Cinq questions à Clemens Prerovsky, CDO de l’APA-medialab, sur les projets en cours, les leçons apprises et les bonnes pratiques.
L'APA-MediaLab est le lab de l'Austria Presse Agentur, l'agence de presse autrichienne. Lancé en janvier 2017, il a pour but d'améliorer la mise sur le marché des produits de l’agence et de dépasser les silos existants dans l'entreprise en matière d'innovation. Entre temps, le directeur du lab est parti créer une entreprise avec son frère, et Clemens Prerovsky a pris le relais.
1Sur quoi travaillez-vous en ce moment ?
Nous avons beaucoup de choses sur le feu et nous travaillons en ce moment sur un projet très ludique. Quand nous participons à des événements, on nous demande souvent des démonstrations. Nous nous sommes donc mis à travailler sur une application qui utilise la reconnaissance faciale et interprète les émotions en utilisant un logiciel en open source. L'application génère ensuite automatiquement un message que vous pouvez publier sur les réseaux sociaux. En d'autres mots, elle vous permet d'écrire un post avec votre visage.
Mais ce n'est pas uniquement le côté ludique du produit qui nous intéresse, il y aussi de vrais objectifs derrière. L'application intègre des technologies que nous pourrions exploiter dans le futur, comme la reconnaissance des émotions, la détection des visages, la génération automatique de texte et l'intelligence artificielle. C’est vers cela que nous nous dirigeons.
En mai, nous avons lancé notre premier projet d'apprentissage automatique : il classe les contenus d'info pour permettre aux clients de gérer quels sont les articles qui leur sont envoyés chaque jours. Pour l'instant, on a encore quelqu'un qui lit 300 articles chaque matin pour faire une sélection - l'idée est d'automatiser cette tâche à terme. Je suis convaincu que l'on peut y arriver. En tant qu'agence de presse, nous avons des années et des années de données que nous pouvons utiliser pour former un réseau de neurones à cette fin.
2Qu'est-ce qui a changé depuis la création du lab en janvier 2017 ?
Quelque chose va probablement changer très bientôt : la façon dont nous établissons la feuille de route pour le lab. Jusqu'à présent, tout le monde peut prendre rendez-vous avec nous et nous nous efforçons de traiter équitablement toutes les idées émanant des différentes branches de l’entreprise, en collectant les demandes pour établir une feuille de route. C'est un processus assez compliqué et les propositions sont trop souvent axées sur le court terme.

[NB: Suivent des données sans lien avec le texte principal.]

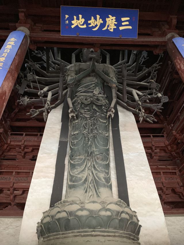 据寺内一通宋碑记载,这尊菩萨像的铸造程序十分复杂:先铸好基础,然后分七节铸造大菩萨。第一节铸下部莲花座,第二节铸至膝盖,第三节铸至脐下,第四节铸至胸部,第五节铸至腋下,第六节铸至肩膊,第七节铸至头部。最后添铸四十二臂。菩萨的手均为木雕而成,其上裹布,一重漆,一重布,然后用金箔贴成。
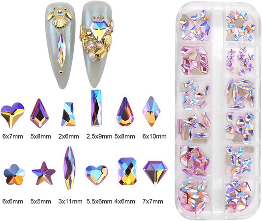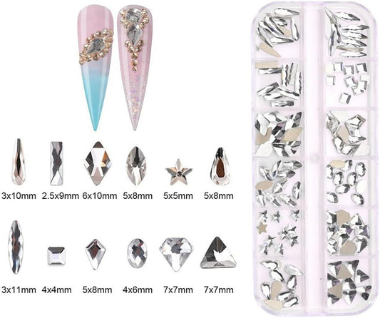 120pcs Flatback Rhinestones Glass Charms Diamantes Gems Stones for Nail Art Box Multi Shapes Crystal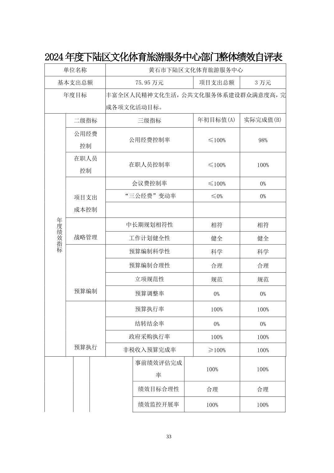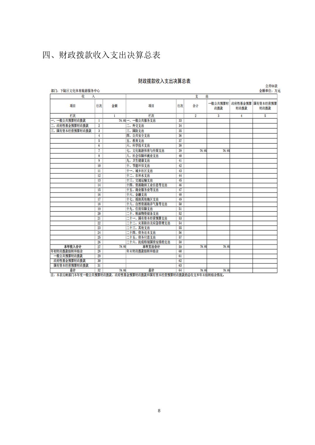 名 称: 下陆区文化体育旅游服务中心2024年度部门决算

J'aimerais que cela change radicalement, et que ce soit le lab qui fournisse les sujets de la feuille de route. Nous avons aussi une activité de recherche et de veille sur les tendances et, pour le moment, ce volet est quelque peu absent de notre feuille de route - exception faite de l’IA. Je voudrais donc que l'on se tourne davantage vers l'avenir, que l'on décide où l'entreprise veut être dans quelques années et que l'on travaille ensuite ensemble dans ce sens.

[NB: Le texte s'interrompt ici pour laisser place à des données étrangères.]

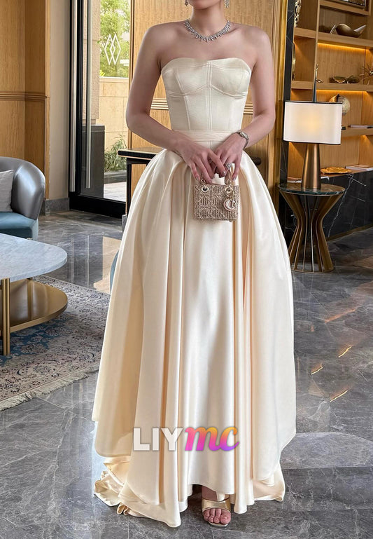 Off-Shoulder Strapless Satin A-Line Midi Formal Dress

3Quelle est la leçon principale que vous avez tirée de cette expérience ?
Une des grandes leçons que nous avons apprises, c'est que la participation à un Design Sprint pendant une semaine est perçue comme un véritable engagement. Cela se comprend, parce que vous abandonnez totalement vos missions habituelles pendant une semaine. Mais personne ne semble se rendre compte qu'il aurait autrement fallu six mois pour développer le même projet.
L'autre chose, c’est que les Design Sprint organisés par Google impliquent des tests le vendredi, ce qui est compliqué en Autriche. Ici, les gens essaient généralement de tout faire le vendredi matin pour pouvoir partir tôt. Ce qui signifie moins de disponibilité pour faire des tests avec nous.

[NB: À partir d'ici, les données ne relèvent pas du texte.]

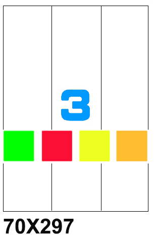 Etichette 70x297 mm in Carta FLUORESCENTE Verde-Rosso-Giallo-Arancio Adesivo Permanente su Fogli A4. La scelta del colore FLUO va indicata nelle note dell`ordine.

C'est pourquoi nous avons modifié le sprint. Nous l'avons allongé pour que les développeurs puissent continuer à coder le vendredi et que nous fassions les tests utilisateur la semaine suivante. Cela fonctionne très bien et permet aux développeurs d'avoir plus de temps pour faire leur travail.
Nous avons également essayé un sprint très court une fois, qui n'a duré que deux jours et demi. Le propriétaire était très heureux du résultat, mais pas moi : je trouvais les idées trop similaires, comme alignées les unes sur les autres, parce que nous n'avions pas effectué la phase de contribution créative au début. Cela ne suffisait pas. D'ailleurs, on a terminé avec sept croquis qui représentaient plus ou moins le même produit.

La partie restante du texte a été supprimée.